Just finished reading ‘ Inheritance of loss” by Kiran Desai. Yes loss, loss she depicts here….loss of identity,relations,bonding, roots, security, the bygone time, pride,dignity and she does it with aplomb.

Kiran’s meticulous detailing of scenes, characters and her deft usage of language makes the reader creep into her characters skin and feel every emotions rising or quelled in their heart.

The book opens with the lines,” All day, the colours had been of dusk, mist moving like water creature across the great flanks of mountains possessed of ocean shadows and depth.” and the Kachenjunga peaks wrapped in mist and clouds beckon us like mystique Shangari-la, then in the same breath she makes us creep in crumbling house of old judge where ‘inside the cavernous kitchen,” the cook ”was trying to light the damp wood. He fingered the kindling gingerly for fear of the community of scorpions living, loving, reproducing in the pile, once he found a mother plump with poison, fourteen babies on her back” and involuntarily we take a step back to move out of kitchen.

The story runs simultaneously in two continents. The diversity of races, culture and class has been handled very well, Despite these outward gaping differences there is this common thread of human insecurities and complexities laid bare in such way that it makes sneaking through those semi dark corridors an endearing experience.
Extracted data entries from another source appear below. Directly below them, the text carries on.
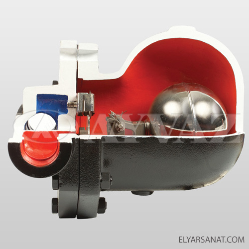 - با تخلیه کندانس، سطح آب کاهش مییابد و شناور پایین میآید و شیر را میبندد تا از خروج بخار زنده جلوگیری شود.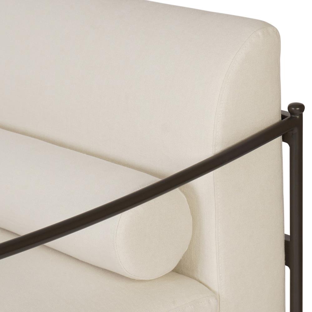 • Upholstered in Bombay flax fabric. Fabric content: 100% hemp; Back Cushion Fill: 93% polyurethane foam pad and 7% polyester fiber batting; Seat Fill: 93% polyurethane foam pad and 7% polyester fiber batting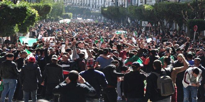 وخرج آلاف الجزائريين في العاصمة وعدد من مدن الجزائر أمس في مسيرات تطالب بـ “التغيير” وإجراء إصلاحات عميقة في تسيير شؤون البلاد واتسمت المسيرات بالطابع السلمي باستثناء مناوشات في بعض شوارع العاصمة الجزائرية دفعت قوات الأمن إلى استعمال الغاز المسيل للدموع لتفريق المتظاهرين.

From aftermaths of colonial rule to Nepali insurgency for Gorkha land, from economic divide to religious conflicts,from political exploitation of the sentiments of common man to the corruption rampant in system, Kiran has touched almost every relevant issue of our time.
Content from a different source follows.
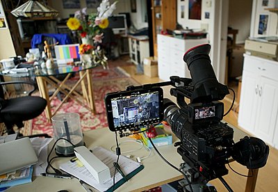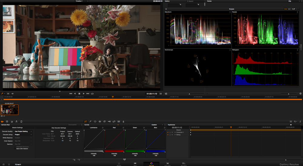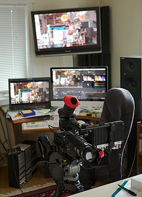 Plug the SSD into your computer and it auto mounts. Go to Resolve I use latest V10. Import the DNG folders as clips. Then I have a LUT I built to "normalize" the image and I also have one that makes the DNGs look like they do on the Odyssey. They come in very dark looking. Just right click and choose 3D LUT from the menu and load my LUT. Voila you have a balanced image. I will be refining my LUTs but this is a start. Then just render out to ProResHQ or whatever to your RAID. Now you are ready to edit in FCPX or whatever. Your choice if you keep a copy of the DNG's or not. If anyone wants the LUTs I will share them PM me. The images below shows the scene I shot and how I hooked the 7Q up to my eval monitor so I can AB that and the Resolve image. The scene is only lit by the natural light coming in from the large north window in my studio. It also shows my sturdy bracket for the Odyssey. The bracket uses the same system as my EVF bracket and is very versatile it can be mounted in front, middle of the camera right left high or low or on the External cheese plate on my shoulder kit in many different locations, more on this soon. I do have them in stock at my webstore.

In the beginning of the book are these lines, voicing the thoughts of Sai, the grand daughter of judge,” could fulfillment be felt as deeply as loss? Romantically she decided that love must surely reside in the gap between desire and fulfillment, in the lack, not contentment. Love was the ache, the anticipation, the retreat, everything around it but the emotion itself.” such beautiful glorification of loss in love that one almost start desiring that loss.

And the book ends on perfect note with the meeting of the cook and his son……” all you need to do was to reach out and pluck it.”